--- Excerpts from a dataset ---
*** Block opens ***

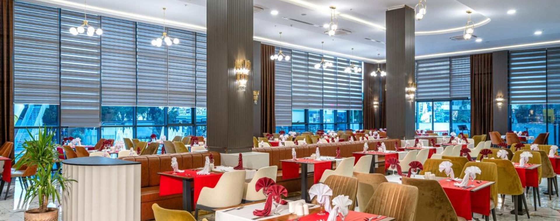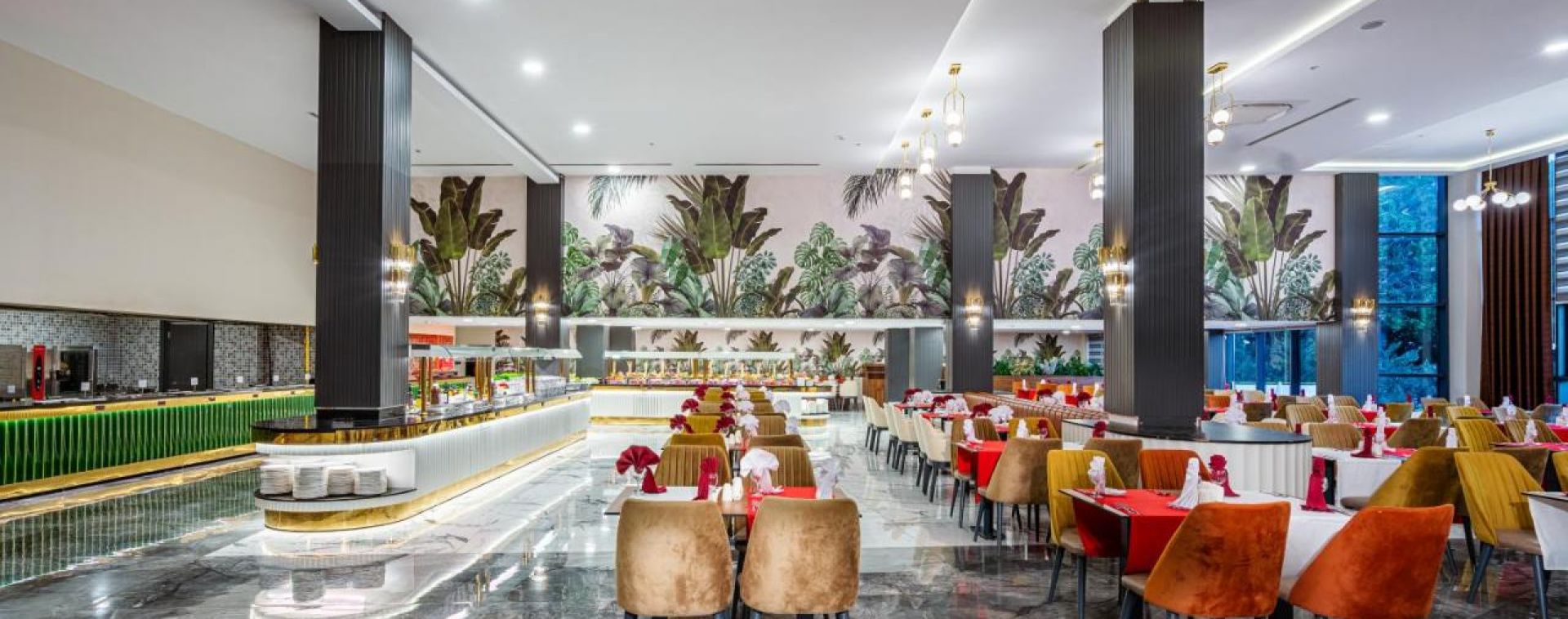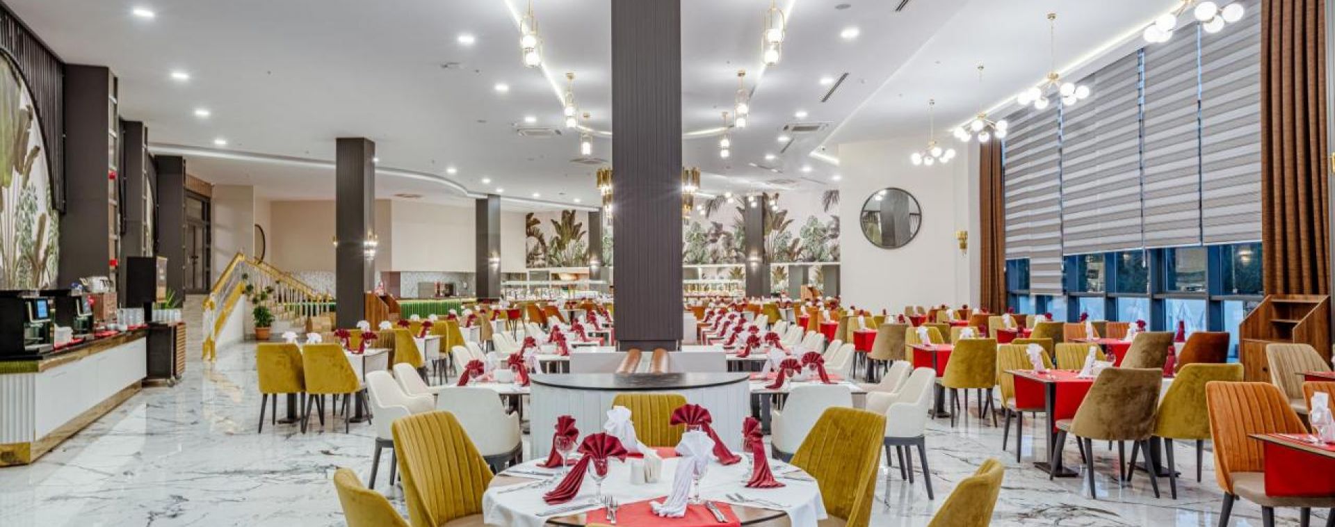 Основен ресторант, а-ла-карт ресторант – интернационален (1 безплатно посещение минимум 7 нощувки), сладкарница, 3 бара, открит и закрит басейн, водни пързалки, СПА център.
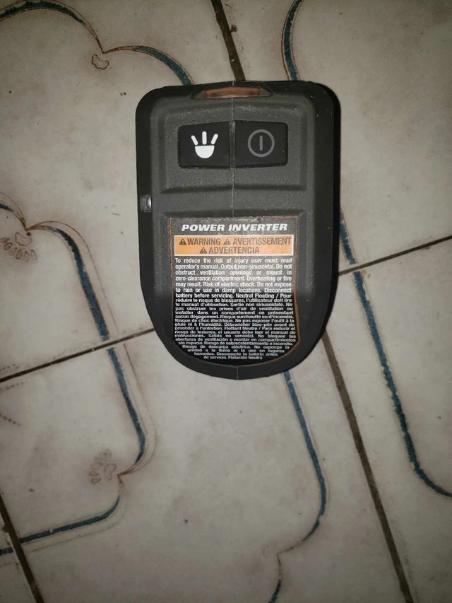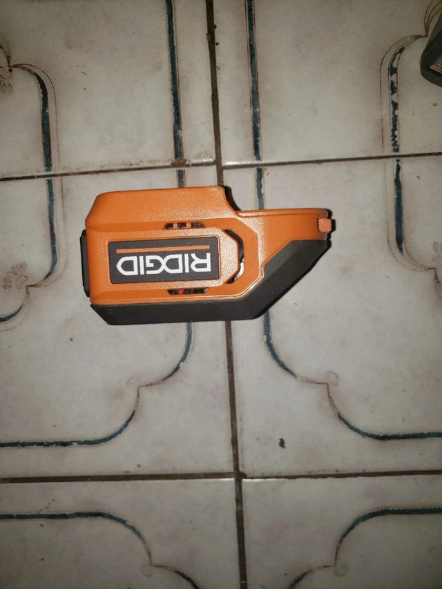 I am selling a used RIDGID power inverter, perfect for on-the-go power needs. This handy device comes with a standard AC outlet, USB ports, and a built-in LED light. It's powered by RIDGID batteries, making it a convenient addition to your toolkit. Key Features: - Standard AC outlet - Dual USB ports - LED work light - Compatible with RIDGID batteries. Cash accepted.
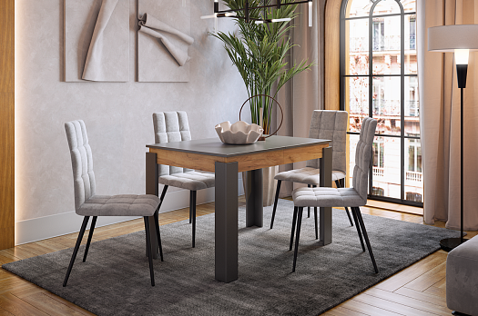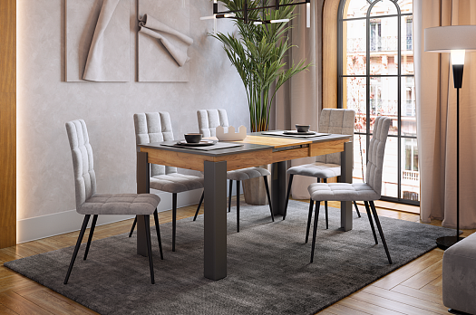 Стол обеденный раздвижной Гермес 2 графит/дуб крафт золотой из каталога Обеденные столы купить в Самаре в магазине мебели онлайн Мебельсон по цене 11 990 ₽
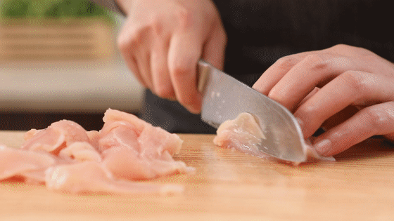 最好买到新鲜的鸡胸肉,冰鲜的胸肉口略差一些。鸡胸肉易熟,不宜翻炒太久。
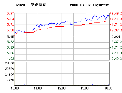 安踏體育7月7日股票行情走勢
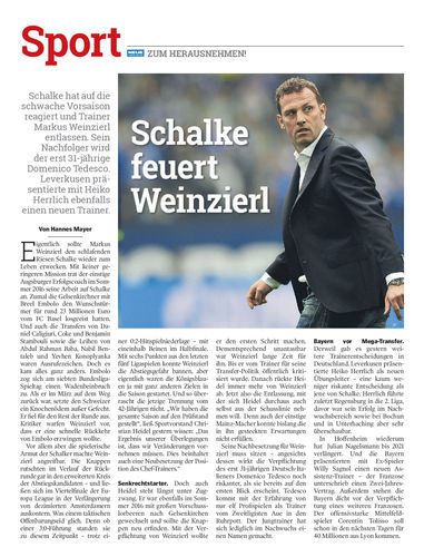 Schalke hat auf die schwache Vorsaison reagiert und Trainer Markus Weinzierl entlassen. Sein Nachfolger wird der erst 31-jährige Domenico Tedesco. Leverkusen präsentierte mit Heiko Herrlich ebenfalls einen neuen Trainer.
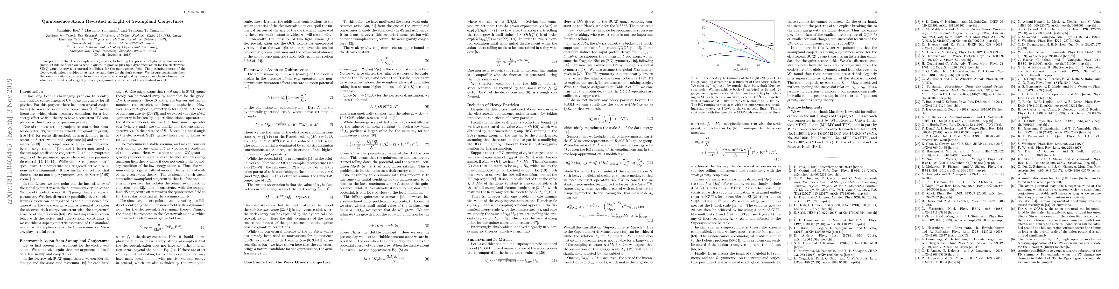 We point out that the swampland conjectures, forbidding the presence of global symmetries and (meta-)stable de Sitter vacua within quantum gravity, pick up a dynamical axion for the electroweak SU(2) gauge theory as a natural candidate for the quintessence field. The potential energy of the electroweak axion provides an attractive candidate for the dark energy. We discuss constraints from the weak gravity conjecture, from the conjecture of no global symmetry, and from observations, which can be satisfied elegantly in a supersymmetric extension of the standard model.
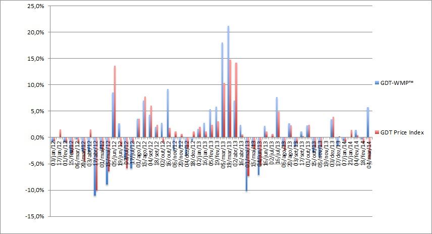 * Ressalta-se que o valor médio dos preços está relacionado aos preços dos contratos negociados no evento, enquanto o índice é uma média ponderada das variações percentuais dos preços dos produtos, e não dos níveis de preços. A variação no valor médio dos preços firmados no leilão não apresenta necessariamente a mesma variação do índice. O objetivo de usar o índice GDT é minimizar distorções no preço médio de vencimento dos contratos. Distorções que podem ser causadas por mudanças no volume demandado entre os produtos que compõem o índice, uma vez que os produtos apresentam diferenças significavas nos preços.
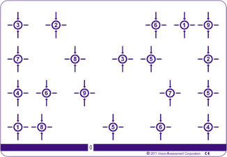 Treatment Vectograph contains four rows of saccadic Fixation Disparity Cross stimuli presented at a 20/100 acuity level, reflective of the visual demands of larger print books. Two-dimensional Fixation Disparity Target stimuli with Number Central Fusion Lock help relate binocular alignment to accommodation (clarity of the target). Total accommodation range is 40 diopters.

*** Block closes ***

--- WHAT THE TASK ASKS ---
Lines from the one holding "significavas nos preços." down to the last line of the entries above must be retyped exactly, inclusive of both, with no pictures and nothing else.

--- REPLY ---
 * Ressalta-se que o valor médio dos preços está relacionado aos preços dos contratos negociados no evento, enquanto o índice é uma média ponderada das variações percentuais dos preços dos produtos, e não dos níveis de preços. A variação no valor médio dos preços firmados no leilão não apresenta necessariamente a mesma variação do índice. O objetivo de usar o índice GDT é minimizar distorções no preço médio de vencimento dos contratos. Distorções que podem ser causadas por mudanças no volume demandado entre os produtos que compõem o índice, uma vez que os produtos apresentam diferenças significavas nos preços.
 Treatment Vectograph contains four rows of saccadic Fixation Disparity Cross stimuli presented at a 20/100 acuity level, reflective of the visual demands of larger print books. Two-dimensional Fixation Disparity Target stimuli with Number Central Fusion Lock help relate binocular alignment to accommodation (clarity of the target). Total accommodation range is 40 diopters.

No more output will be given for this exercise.